Et si une partie de votre histoire collective quittait la Terre pour s’installer sur la Lune ? En 2027, une capsule pourrait rejoindre notre satellite naturel avec une mission ambitieuse : conserver une trace durable de l’humanité. Entre prouesse technologique, rêve cosmique et débat sociétal, le projet intrigue autant qu’il fascine.
Une capsule lunaire validée par la NASA
Baptisé « Sanctuary on the Moon », ce projet international a été présenté officiellement le 21 mars 2024 à Paris. Son objectif : déposer une capsule temporelle sur la Lune dans le cadre d’une mission du programme CLPS (Commercial Lunar Payload Services) de la NASA, intégré à l’initiative Artemis.
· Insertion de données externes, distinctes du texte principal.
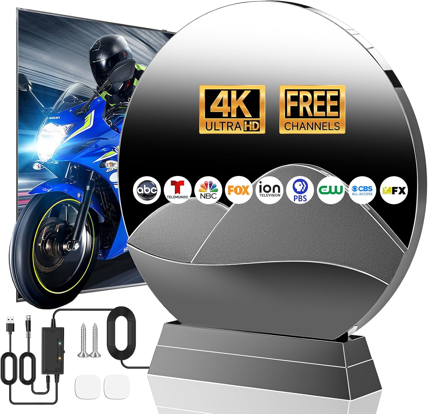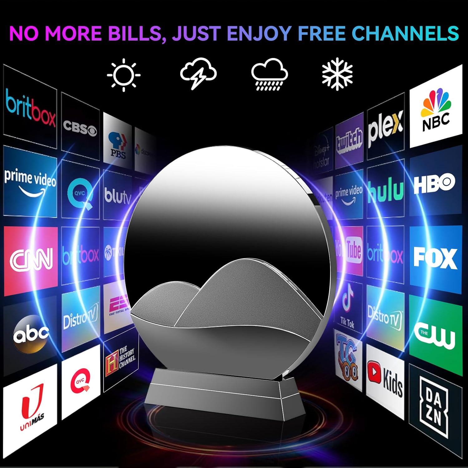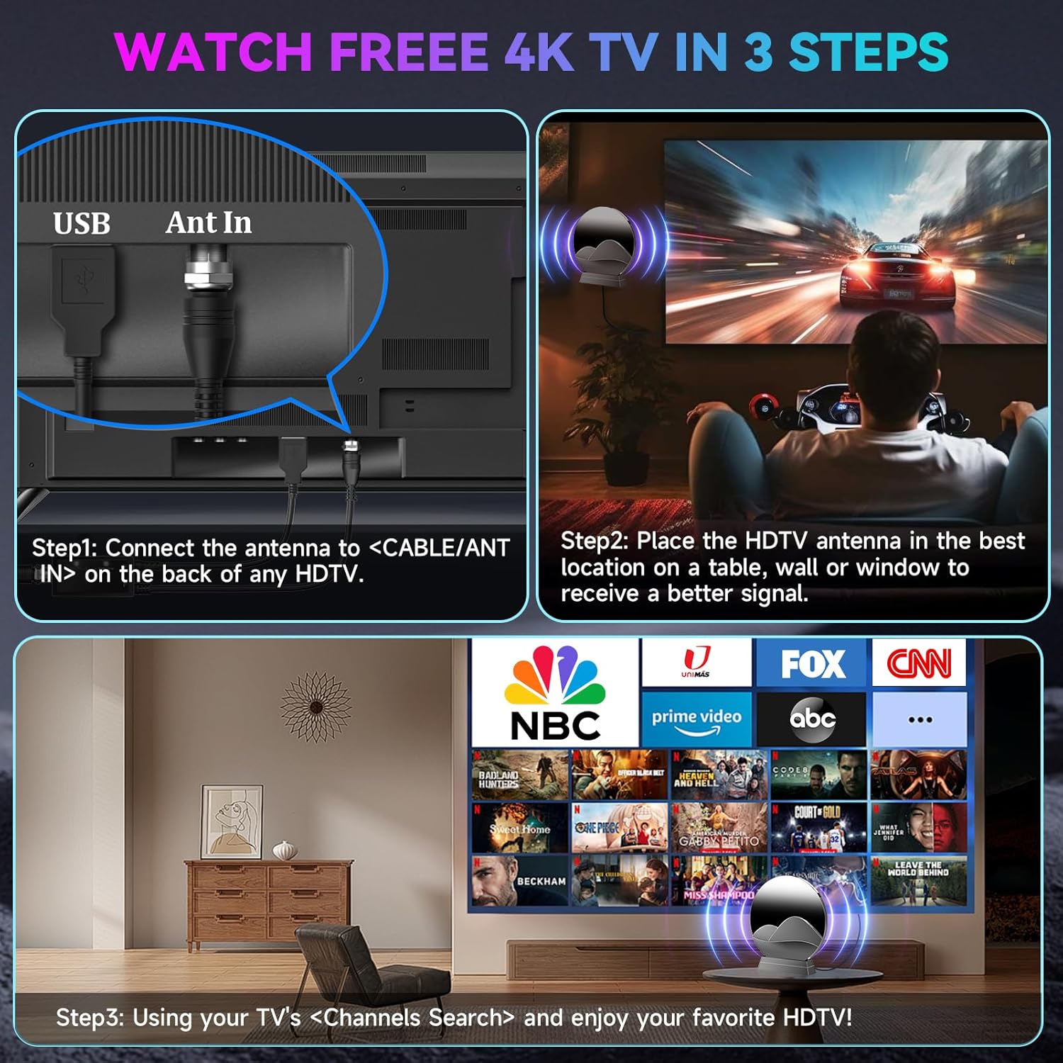 Enjoy Free 4K HD Channels: Say goodbye to expensive cable bills now! Our indoor TV antenna lets you watch free local channels forever. Enjoy popular networks like ABC, CBS, NBC, FOX, PBS and more in clear HD and 4K quality. Watch news, sports, shows and movies without any monthly bills. Supports 4K, 8K, 1080p, and other digital formats

À l’origine de cette idée, l’ingénieur français Benoît Faiveley, entouré d’une équipe pluridisciplinaire mêlant scientifiques, artistes, ingénieurs et historiens. Le projet bénéficie du soutien de l’UNESCO et a été placé sous le haut patronage du président de la République française. L’ambition est claire : envoyer, à l’horizon 2027, des archives capables de résister aux conditions extrêmes du sol lunaire. Car il ne s’agit pas d’un simple geste symbolique. Tout le dispositif a été conçu pour répondre aux exigences techniques imposées pour une mission spatiale. La capsule sera intégrée à une mission encadrée par la NASA, ce qui donne à l’initiative une dimension institutionnelle forte.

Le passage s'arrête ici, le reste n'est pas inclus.